▶ **YOUR GOAL**: Will you quote all of the entries, word for word?

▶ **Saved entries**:
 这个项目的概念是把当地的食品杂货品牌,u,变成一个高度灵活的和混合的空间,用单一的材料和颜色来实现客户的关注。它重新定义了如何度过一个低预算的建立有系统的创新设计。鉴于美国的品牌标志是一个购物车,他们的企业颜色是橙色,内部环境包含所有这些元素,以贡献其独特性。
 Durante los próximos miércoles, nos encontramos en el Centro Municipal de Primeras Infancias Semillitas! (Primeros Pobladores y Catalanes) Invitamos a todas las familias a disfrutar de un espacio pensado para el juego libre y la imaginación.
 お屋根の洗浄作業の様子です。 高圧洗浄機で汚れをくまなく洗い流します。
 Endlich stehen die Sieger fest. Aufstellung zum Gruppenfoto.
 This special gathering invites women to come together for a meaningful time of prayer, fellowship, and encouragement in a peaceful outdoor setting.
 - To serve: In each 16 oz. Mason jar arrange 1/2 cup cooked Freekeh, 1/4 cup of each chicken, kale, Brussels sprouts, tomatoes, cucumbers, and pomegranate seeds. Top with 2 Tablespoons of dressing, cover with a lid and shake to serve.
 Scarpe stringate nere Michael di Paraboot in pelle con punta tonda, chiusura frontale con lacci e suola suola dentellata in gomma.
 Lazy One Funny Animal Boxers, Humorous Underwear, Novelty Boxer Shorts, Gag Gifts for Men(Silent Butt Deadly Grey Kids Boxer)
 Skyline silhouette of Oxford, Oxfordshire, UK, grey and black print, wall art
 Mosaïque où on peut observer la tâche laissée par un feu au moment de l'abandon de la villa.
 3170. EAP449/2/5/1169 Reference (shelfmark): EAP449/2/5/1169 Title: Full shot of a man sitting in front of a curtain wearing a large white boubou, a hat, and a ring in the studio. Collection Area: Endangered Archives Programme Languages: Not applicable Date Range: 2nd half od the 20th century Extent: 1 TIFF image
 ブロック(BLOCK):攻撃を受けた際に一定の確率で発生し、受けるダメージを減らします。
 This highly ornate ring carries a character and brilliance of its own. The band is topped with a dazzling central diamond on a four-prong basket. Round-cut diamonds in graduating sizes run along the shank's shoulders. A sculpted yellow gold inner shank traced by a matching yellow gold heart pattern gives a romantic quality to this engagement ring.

▶ **SOLUTION TO THE PROBLEM**:
 这个项目的概念是把当地的食品杂货品牌,u,变成一个高度灵活的和混合的空间,用单一的材料和颜色来实现客户的关注。它重新定义了如何度过一个低预算的建立有系统的创新设计。鉴于美国的品牌标志是一个购物车,他们的企业颜色是橙色,内部环境包含所有这些元素,以贡献其独特性。
 Durante los próximos miércoles, nos encontramos en el Centro Municipal de Primeras Infancias Semillitas! (Primeros Pobladores y Catalanes) Invitamos a todas las familias a disfrutar de un espacio pensado para el juego libre y la imaginación.
 お屋根の洗浄作業の様子です。 高圧洗浄機で汚れをくまなく洗い流します。
 Endlich stehen die Sieger fest. Aufstellung zum Gruppenfoto.
 This special gathering invites women to come together for a meaningful time of prayer, fellowship, and encouragement in a peaceful outdoor setting.
 - To serve: In each 16 oz. Mason jar arrange 1/2 cup cooked Freekeh, 1/4 cup of each chicken, kale, Brussels sprouts, tomatoes, cucumbers, and pomegranate seeds. Top with 2 Tablespoons of dressing, cover with a lid and shake to serve.
 Scarpe stringate nere Michael di Paraboot in pelle con punta tonda, chiusura frontale con lacci e suola suola dentellata in gomma.
 Lazy One Funny Animal Boxers, Humorous Underwear, Novelty Boxer Shorts, Gag Gifts for Men(Silent Butt Deadly Grey Kids Boxer)
 Skyline silhouette of Oxford, Oxfordshire, UK, grey and black print, wall art
 Mosaïque où on peut observer la tâche laissée par un feu au moment de l'abandon de la villa.
 3170. EAP449/2/5/1169 Reference (shelfmark): EAP449/2/5/1169 Title: Full shot of a man sitting in front of a curtain wearing a large white boubou, a hat, and a ring in the studio. Collection Area: Endangered Archives Programme Languages: Not applicable Date Range: 2nd half od the 20th century Extent: 1 TIFF image
 ブロック(BLOCK):攻撃を受けた際に一定の確率で発生し、受けるダメージを減らします。
 This highly ornate ring carries a character and brilliance of its own. The band is topped with a dazzling central diamond on a four-prong basket. Round-cut diamonds in graduating sizes run along the shank's shoulders. A sculpted yellow gold inner shank traced by a matching yellow gold heart pattern gives a romantic quality to this engagement ring.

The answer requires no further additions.